Skate Park Update

Rich Aubin

Councilman for District 5

City of Garland

 

It has certainly been a lengthy process to get this project from bond approval in 2004 into a design and build phase.  Let me focus on the progress we have made recently. Following the decision last fall to re-site the skate park at Rick Oden Park, Council discussed the scope and cost of the project.  There was support to build a regional-size skate park, however the majority of Council asked if it could be designed in such a way that it could be built in two phases; some believed that there would be insufficient demand to warrant building the skate park at its full scope.  Accordingly, the Council approved the skatepark in the 2019 CIP at just over a million dollars (half the expected cost of the full park), with a directive for staff to determine if it was feasible to build the facility in a phased approach.

 

City staff, the design company, and the builder company got to work.  In April, a public input workshop was held.

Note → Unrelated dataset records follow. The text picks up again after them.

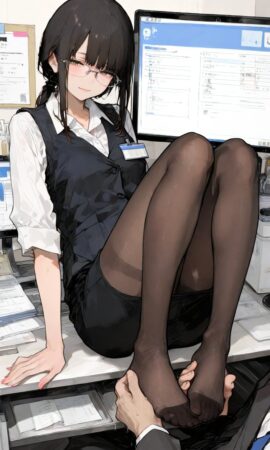 蛍光灯の午後、デスクで脚を組む彼女の気配
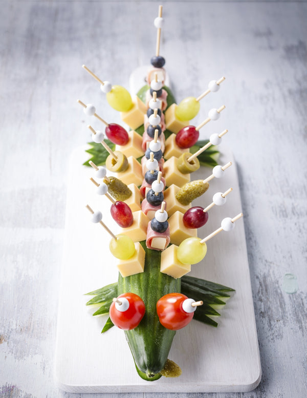 Steek een druif, een stuk olijf of een stuk augurk op een stokje en daarna een kaasblokje. Prik de stokjes in de rug van de krokodil.
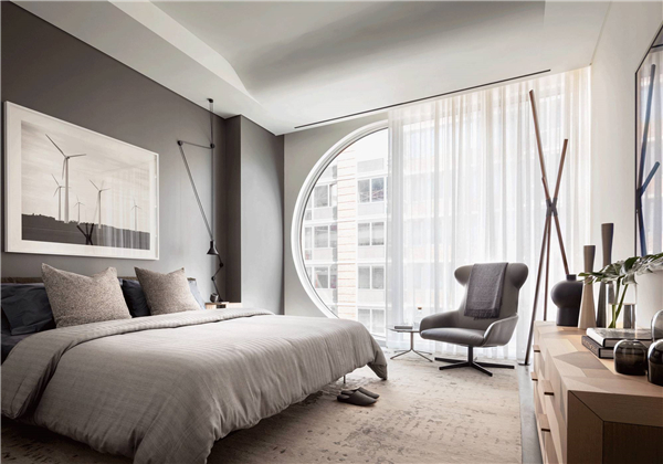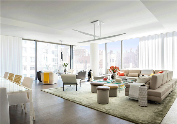 室内设计师 Jennifer Post 的任务是打造其中的四居室户型。418平公寓采用柔和色调,搭配流行色彩艺术品。
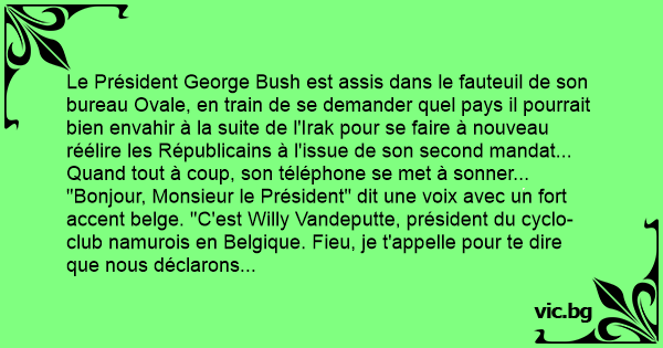"Bonjour, Monsieur le Président" dit une voix avec un fort accent belge. "C'est Willy Vandeputte, président du cyclo-club namurois en Belgique. Fieu, je t'appelle pour te dire que nous déclarons officiellement la guerre aux États-Unis!"
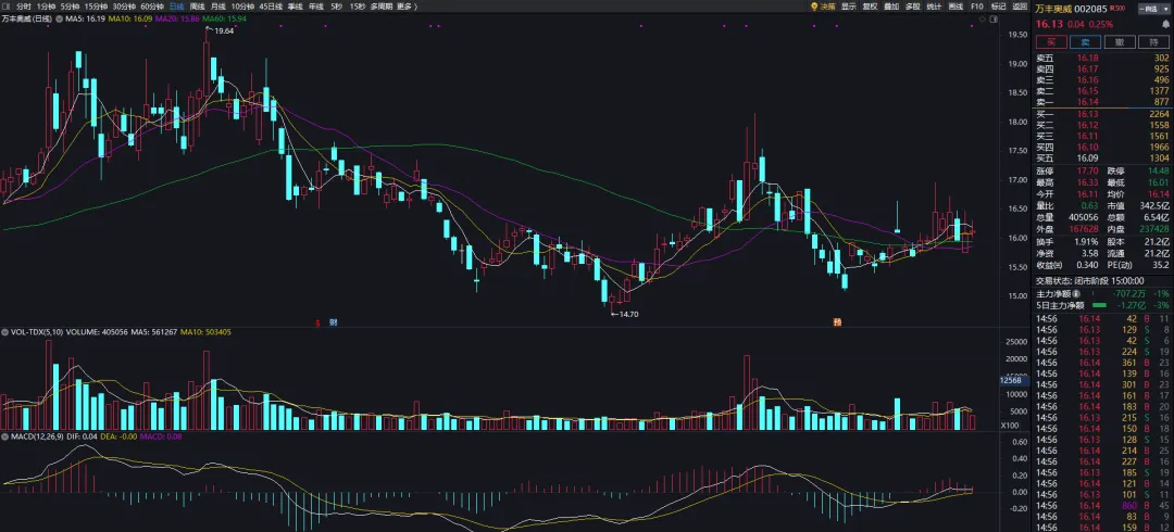 中线票:万丰奥威震荡,午后16.2附近补了点仓位,等轮动即可。
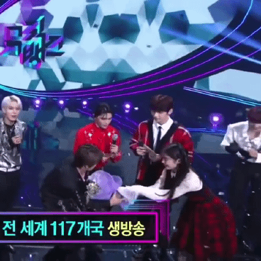 127 1등해서 꽃다발 건내주는데 아린 옷에 걸림 저 넷이서 우왕좌왕하다가 떼졌는데 나유타가 나즈막히 스티커입니다. (참고로 엔시티127 활동곡이 스티커)

About a hundred people showed up to hear about the project and give their input on the design and the specific features and components they wanted to see in the skate park.  I attended the meeting and had the opportunity to meet a multi-generational group of enthusiasts, including a group of gentlemen in their 30’s who engaged in skate-park tourism, traveling around the country to skate different parks.

 

In May, following the passage of the bond referendum, I advocated for an immediate start on a Rick Oden Park Masterplan to ensure that the various elements of the park were properly coordinated and sited within the approximately fifteen million dollar, 2019 bond-approved, redesign of Rick Oden Park.  Council concurred and the overall park planning got underway, with a focus on identifying the specific siting of the skate park.

 

The design team spent much of the summer assimilating all of the information into a design for the skatepark and working to identify a way that the facility could be built in phases.  The public input from the first meeting showed an equal split of interest among the three major feature sets of a skatepark. From a design phasing perspective, this compelled the design team to choose between designs that built half of each of the three feature sets in each phase; or fully building out one or two of the feature sets in the first phase and the remaining in the second phase.  The design team ultimately chose to design and present it in the second manner as a possibility for constructing the facility.

 

Earlier this month, another public meeting was held on the skate park.  The purpose was to present the draft design and potential phasing to get detailed comments from the public.  About forty people attended and provided some in-depth technical comments and questions about design, flow, angles, feature specifications, material choices and more.  The group included novices, experienced amateurs, and professionals. Many of them expressed concerns that a half-built park would not create enough of a draw to warrant the building of a second phase; a mother who lives in north Garland told me that she would rather continue driving her kids to Frisco and McKinney to skate than to bring them to a de-featured facility.

 

I expect, in the coming months before the 2020 CIP Budget is prepared and presented to Council, to have the design team bring back their plan and recommendations to Council for the design of the facility and as to whether or not to build the facility in phases.  I also plan to call a public hearing to allow for public comment on whether or not to build the skatepark in its entirety or in two phases. Once Council makes a determination on phasing, I’ll ask staff to plan accordingly as it prepares the proposed 2020 CIP Budget.  In the meantime, the design team will move forward on the construction documents based on Council direction and decisions.

 

In that the design/build contract has already been awarded, this should permit the City to move immediately to construction once the final design documents have been prepared.  I currently expect a groundbreaking sometime in the first quarter of 2020 with a fourth quarter of 2020 target for completion.